Do entrepreneurs come out of the womb?
Posted: Friday, September 14, 2007 12:29 PM by Eve Tahmincioglu
Filed Under:
Starting up, Marketing, Entrepreneurship
Next week is my dad’s birthday, and even though he passed away a few years ago, it’s always a hard time for me.
Almost every year of his life, my father seemed to be coming up with a new business venture.
He was a stationery store owner, furrier, restaurateur, car exporter, and he even tried his hand at importing irregular, knock-off Levi jeans from a former Soviet bloc nation. That didn’t work out so well. The jeans were really irregular – the fabric die came off on your skin, and they were so rigid you couldn’t sit down in them.
I always thought he had the heart of an entrepreneur. But is there such a thing?
I spent the Labor Day weekend with my best friend’s family in Massachusetts, and her son, who’s only in high school, is already showing the signs of a budding entrepreneur.
He’s trying to start a business selling sails for kayaks. But if this particular venture doesn’t take off, he says, he’s on the lookout for the next big thing.
When I was in high school the last thing I was thinking about was starting my own business. I didn’t even run a lemonade stand.
Babson College entrepreneurship professor Heidi Neck does not know of any studies that tackle the entrepreneur "born vs. made" debate.
"It would certainly be interesting to see how one would conduct such a study," she said. "I would suspect an entrepreneur gene would have to be identified for one to believe that entrepreneurs are born.”
Neck doesn’t really think that such a gene exists.
She offered me a quote from management guru
Peter Drucker as proof: “It’s not magic, it’s not mysterious, and it has nothing to do with genes. It’s a discipline, and, like any discipline, it can be learned.”

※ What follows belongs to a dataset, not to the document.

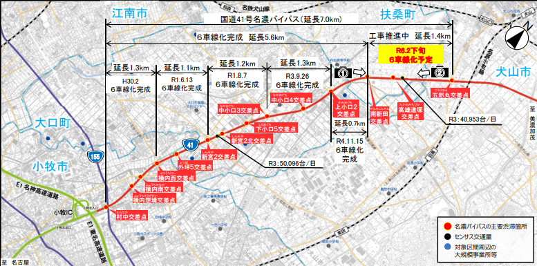 愛知県では、国道41号名濃バイパス延長7.0kmのうち村中交差点から南新田交差点間(延長5.6km)は6車線での整備が完了していますが、残りの南新田交差点から五郎丸交差点間までの区間も6車線への切り替えが完了するそうです。
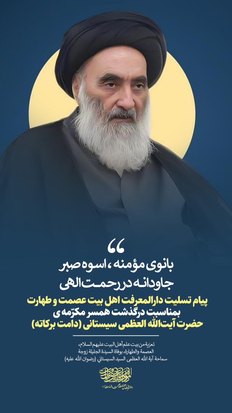 پیام تسلیت نهاد دارالمعرفت اهل بیت عصمت و طهارت (علیهمالسلام) به مناسبت درگذشت همسر مکرّمهی حضرت آیتالله العظمی سیستانی (دامت برکاته)

If you asked me a few years ago, I probably would have said entrepreneurs are made. But lately, I’m feeling this type of person may actually have some innate characteristics.
I interviewed the founder of the game company
Cranium, Richard Tait, for my book
“From the Sandbox to the Corner Office,” and it turns out he’s been an entrepreneur since childhood.
This guy became a newspaper delivery boy when he was growing up in Scotland, but he took the job to unheard-of entrepreneurial heights. He started selling bacon sandwiches -- known as bacon butties in his homeland -- along with the paper on Sunday mornings.
He found a newspaper store that also sold rolls and bacon and started delivering the pork breakfast treat to his customers by initially carrying them in his book bag. But alas, the butties would get squished. So he decided to build a customized cart that connected to his bike.
“I made it out of wood and old tram wheels I found,” he told me. Basically, he would deliver the ingredients, rolls and freshly cut bacon, so his customers “could make them at home as fresh as possible and with the bacon crisp like it should be.”
Ultimately, the butty/newspaper route brought in 10 times the money of his traditional route. “I trust my intuition and my antennae and being human," he said. "I always thought I had to listen to my heart.”
There it is, that heart again. Do entrepreneurs march to the beat of a different heart?